**Work request**
From the first line of the listing below to the line with "元、常规价 69 元。", print each line exactly, and nothing more. Leave out the pictures.

**Available data**
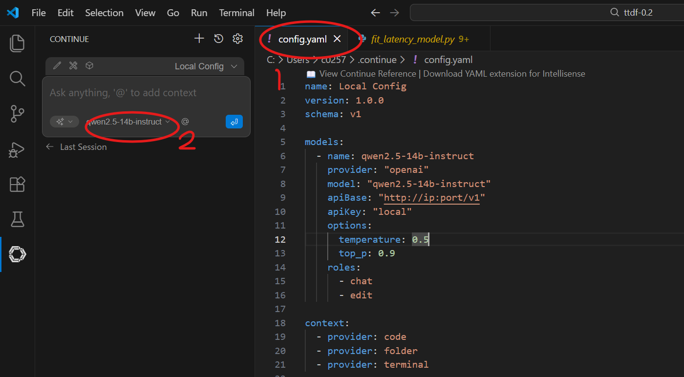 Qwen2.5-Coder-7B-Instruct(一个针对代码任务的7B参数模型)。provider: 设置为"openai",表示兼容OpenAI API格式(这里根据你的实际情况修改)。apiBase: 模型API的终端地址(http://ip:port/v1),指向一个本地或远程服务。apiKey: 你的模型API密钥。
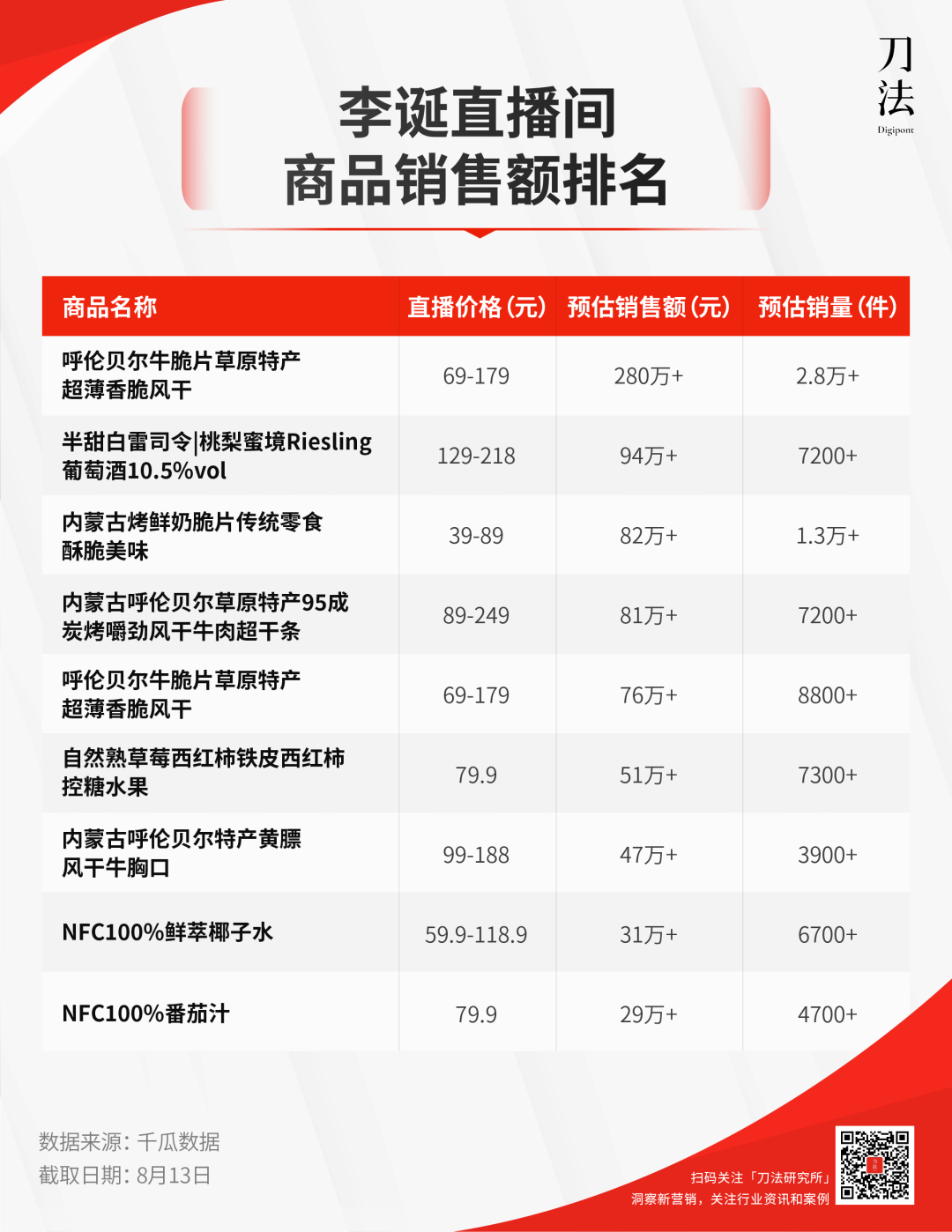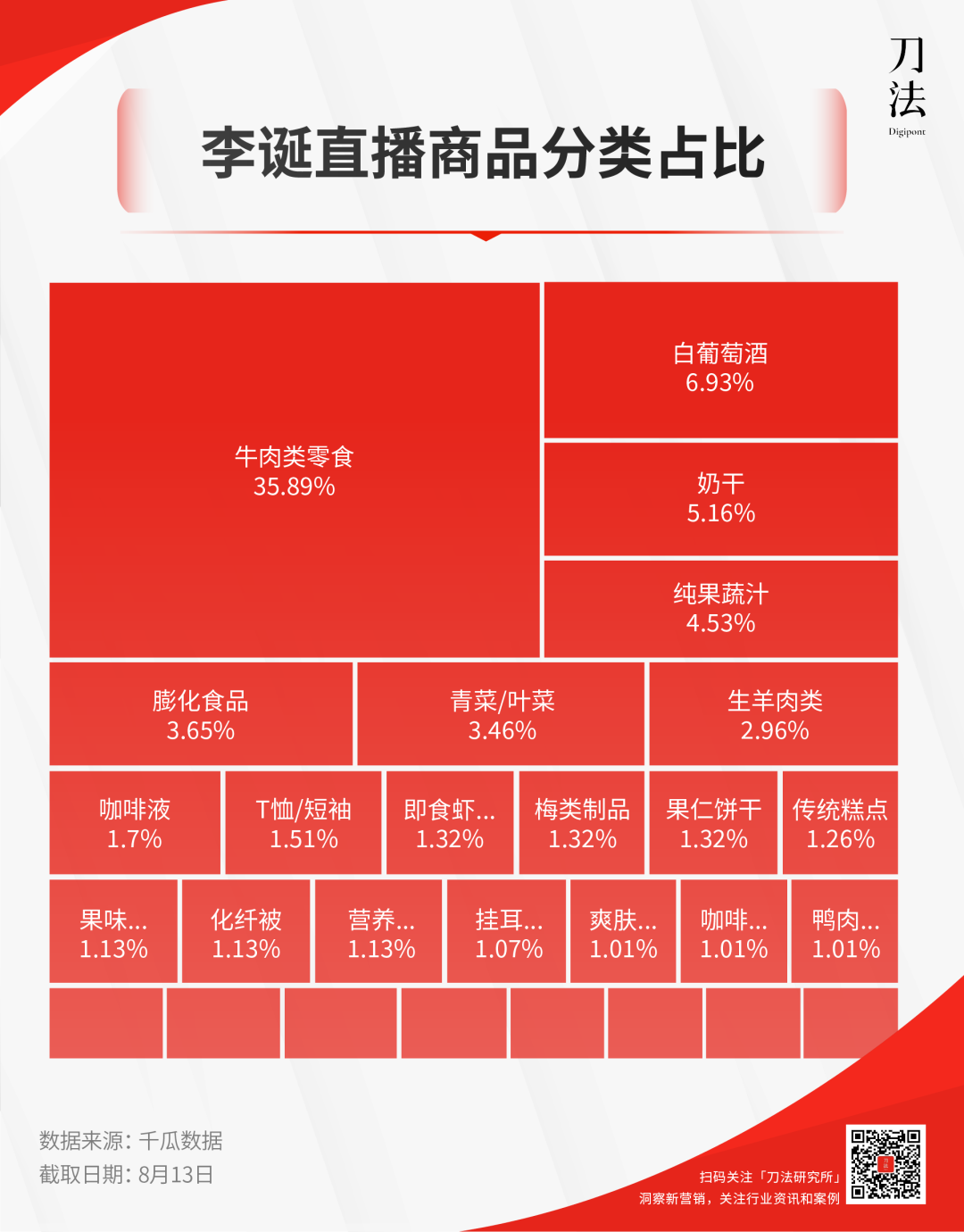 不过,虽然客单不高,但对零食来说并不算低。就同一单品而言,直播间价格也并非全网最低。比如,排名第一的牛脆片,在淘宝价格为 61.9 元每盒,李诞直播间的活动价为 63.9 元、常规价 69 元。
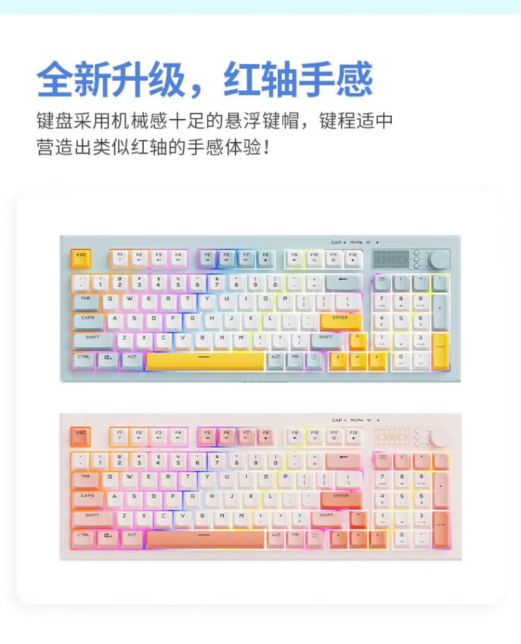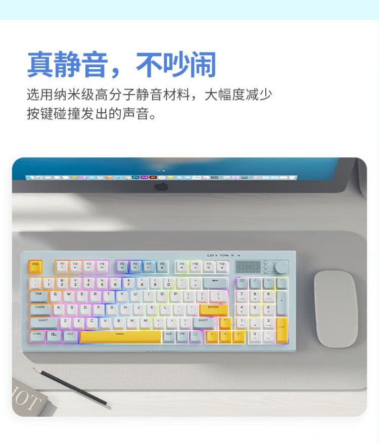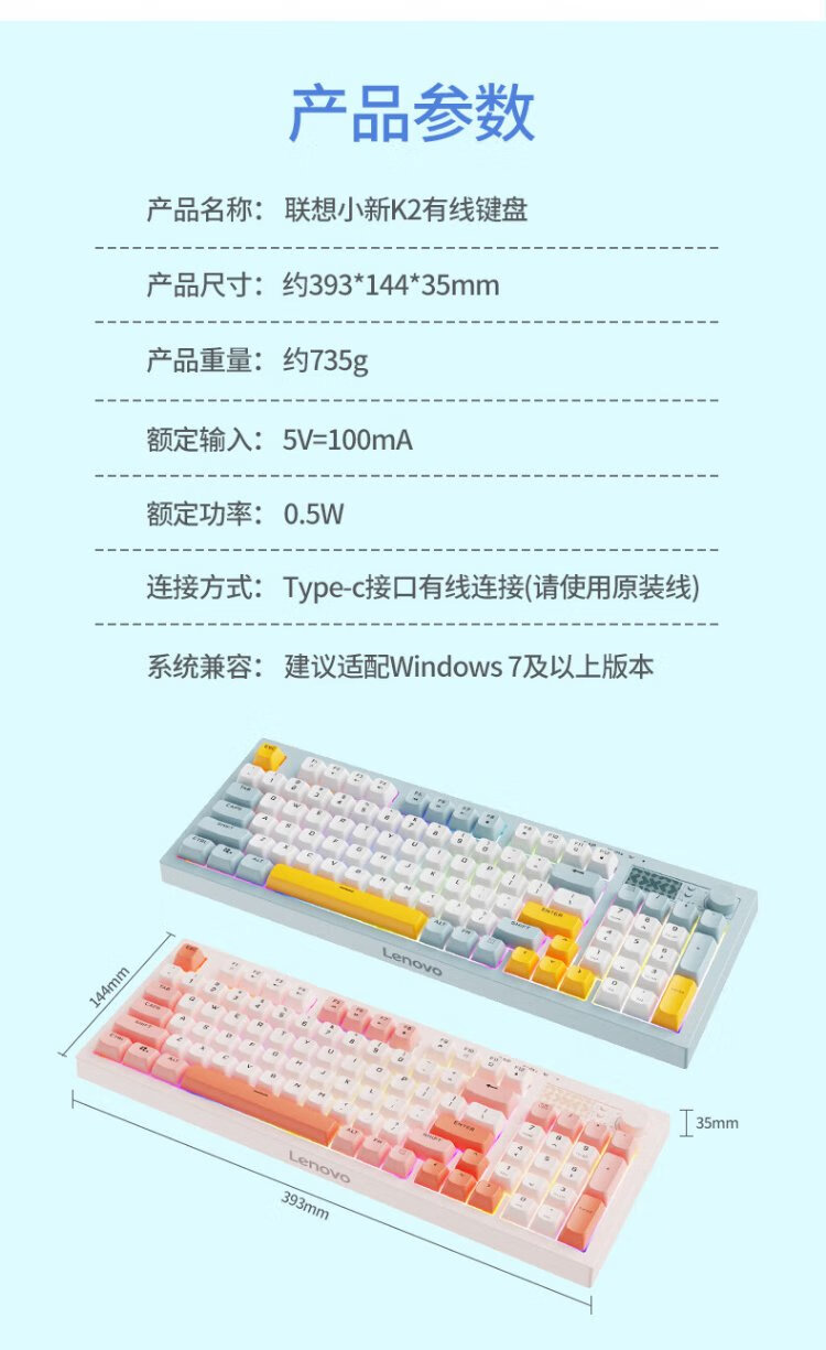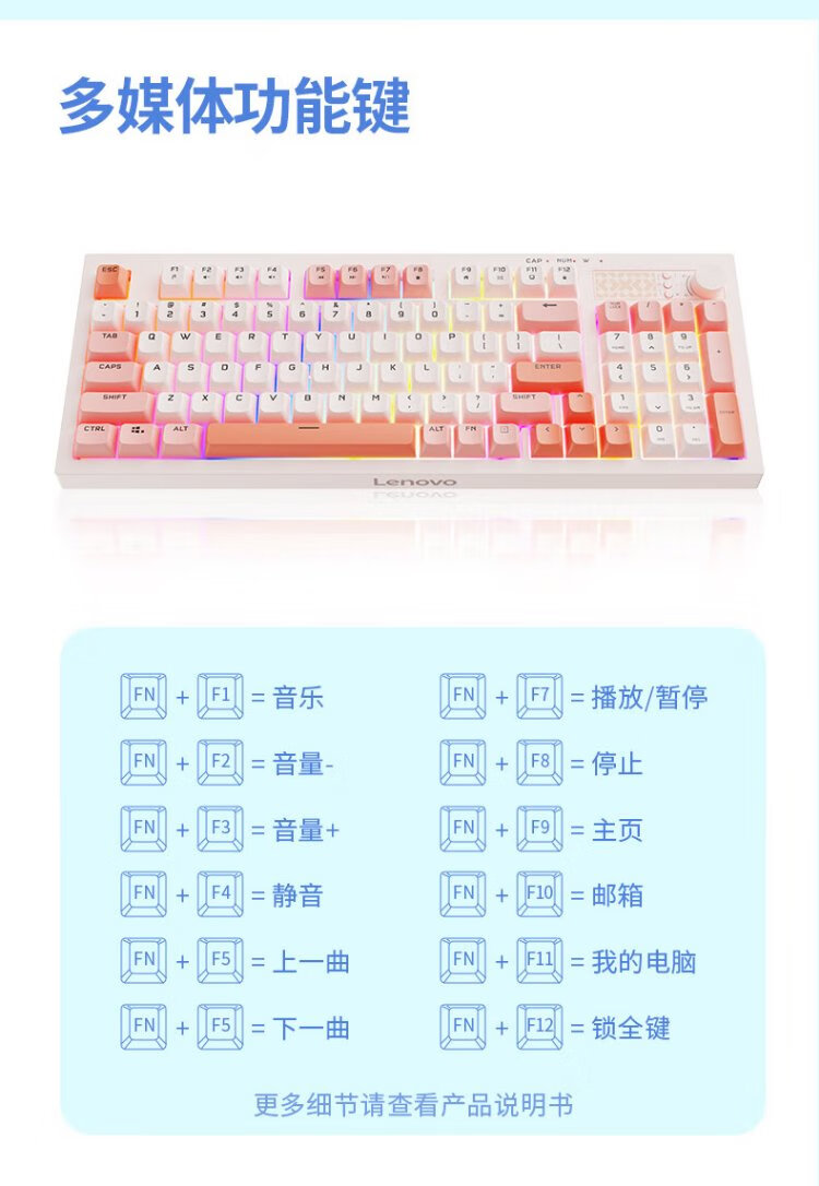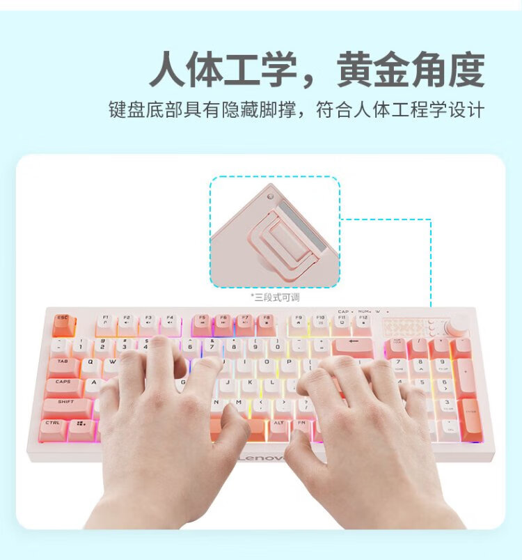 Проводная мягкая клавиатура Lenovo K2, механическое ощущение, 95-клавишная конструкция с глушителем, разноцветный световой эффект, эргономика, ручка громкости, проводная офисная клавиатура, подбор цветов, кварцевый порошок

**Solved exercise**
 Qwen2.5-Coder-7B-Instruct(一个针对代码任务的7B参数模型)。provider: 设置为"openai",表示兼容OpenAI API格式(这里根据你的实际情况修改)。apiBase: 模型API的终端地址(http://ip:port/v1),指向一个本地或远程服务。apiKey: 你的模型API密钥。
 不过,虽然客单不高,但对零食来说并不算低。就同一单品而言,直播间价格也并非全网最低。比如,排名第一的牛脆片,在淘宝价格为 61.9 元每盒,李诞直播间的活动价为 63.9 元、常规价 69 元。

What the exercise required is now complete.